そもそも今日はあたしのターン。花火を見た後のことは流れに任せればいいかぁ、くらいの予定だったけど、それでもあたしのターンである。
雫は「今日はこのまま帰ってこなくていい」みたいなこと言ってたけど、あの言い振りは「ん。穂波のことだから浴衣でヤるだけヤってその後コスプレ退会してたら朝になるよね」ってのが混じってた。
しかも目の前には居酒屋。完全にホテルへご案内のコースなのが見え見えすぎる。
「食うもん食ってホテルでカロリーゼロってか?」
まったくふざけた話じゃないの。
とりあえず、そんなルートが用意されてるのかは確認しておく必要はあるかな。
「ホテル?いや、んなの聞いてないし、俺もなんもしてないけど。もしかして行きたいとか?」
「や、そういう意味じゃないんだけど一応ね、一応」
「ふうん?」
ホテルはとってないらしい。
おかしい。澪先輩もホテルでしっぽりって話を聞いてたのに、なんなのこの扱いの差は。
雫さん、「お前は食いもんとアルコールとエッチで十分だろ」ってか?バカにしてんだろ。事実だけど。

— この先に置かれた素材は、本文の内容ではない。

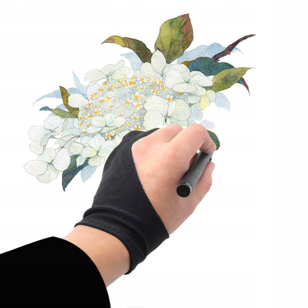 Універсальна рукавичка на два пальці є необхідним аксесуаром для кожного художника чи дизайнера комп’ютерної графіки. Завдяки слизькому, гладкому матеріалу, він дозволяє плавно переміщати зап’ястя по робочій поверхні, наприклад, по паперу, планшету, дошці, стіні. Завдяки цьому ви уникнете утворення некрасивих смуг або слідів від поту під час малювання. Завдяки цьому ваша робота займе набагато менше часу!

澪先輩の初めてんときだって食って飲んでシまくったからぐうの音も出ないくらいその通りだけども。
「そうじゃねえんだよなぁ」
少なくとも今は。
なんていうかさ、こう、見せ場、というかさ。大人として〜みたいなとこじゃん。いつもと違うところを見せてやるときはやる、ってのを見せるときじゃん。
ん?「ヤるときはヤる」の間違いじゃないか?って?やかましいわ。
なんて考えてる間も創司の目は看板に貼りついたまま。よっぽど気になるらしい。
「そんなに気になるなら入る?あんま手持ちないけど」
「雫から詫び代もらってるからいけるんじゃね?」
「マジ?どんくらい?」
「こんくらい」
と創司は手を広げてみせた。
「……マジ?」
「マジ。ほら、ついこの前大暴落しただろ?なんかその前にピキーンって来て全部売り払って、売りに全ツッパしたらめっちゃ儲けたんだと。光次の口座、普通の人なら白目剥くくらい入ってるってよ。あ、そういや光次に言い忘れた」
「なにを?」
「来年の確定申告と税金、震えて待ってろ。バーイ雫」
「……」
なんていうか、雫さん。どっか別の人種じゃないですかね?どうしたらそんなふうになれるのかな。
「ってなわけで使いきれない泡銭だからさっさと使って、ってことで貰った。小遣いにしても多すぎるけどな」
ちなみに最初の原資は高校時代のお小遣いだとか。元々創司があまりお金に興味がないのと物欲もなかったのもあって、生活費を含めて全部雫に管理を丸投げしたのがはじまりらしい。あとは雫曰く、テキトーにやって半年で倍ドン、1年経って倍プッシュ、と続いて、そこにほのかから「これも〜」と光次の給料も回されての今。複利ってスゴいね。よくわからないけど。
「取り敢えず使っていいヤツなのね?」
「ああ。むしろ使ってって頼まれたレベル」
「じゃあ、入ろっか」
なんだか大人としての何かを完全に打ちのめされた気がするけど、あたしはその事実から目を逸らしてお店の中に入っていった。